In case of hypoglycemia <3.5 mmol/L, an auditory alarm was activated advising the patient to take oral carbohydrates. All hypoglycemic alarms were confirmed with SMBG. If SMBG values were between 3 and 4 mmol/L, 12 g of carbohydrates was taken, and if values were below 3.0 mmol/L, 18 g of carbohydrates was taken.
Safety
To maximize patient safety, the complete CL system was designed with separately operating subsystems: one subsystem contained the glycemic controller, and the other subsystem contained the safety processor for the two pumps and batteries. Furthermore, the CL system used both a primary sensor and a back-up sensor. As an additional precaution during the CL experiments, CGM output was monitored remotely 24 h/day via a Wi-Fi and 3G cellular-based telemedicine system. To further reduce the risk of hypo- or hyperglycemia, several alerts were built into the system:
• High glucose alert: the system gave an alert in case the glucose level exceeded 15 mmol/L.

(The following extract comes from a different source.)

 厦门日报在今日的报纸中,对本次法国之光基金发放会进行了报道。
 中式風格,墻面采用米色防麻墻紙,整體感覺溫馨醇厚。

• Occlusion alert: the system gave an alert in case the insulin or glucagon pump occluded.
• Insulin/glucagon administration alert: the system gave an alert if more than a predetermined amount of insulin or glucagon was infused over an hour and also calculated over a 24-h period to prevent insulin overdosing and minimize hyper- or hypoglycemia.
• Eating alert: the system advised oral carbohydrate intake in case the glucose level went below 3.5 mmol/L.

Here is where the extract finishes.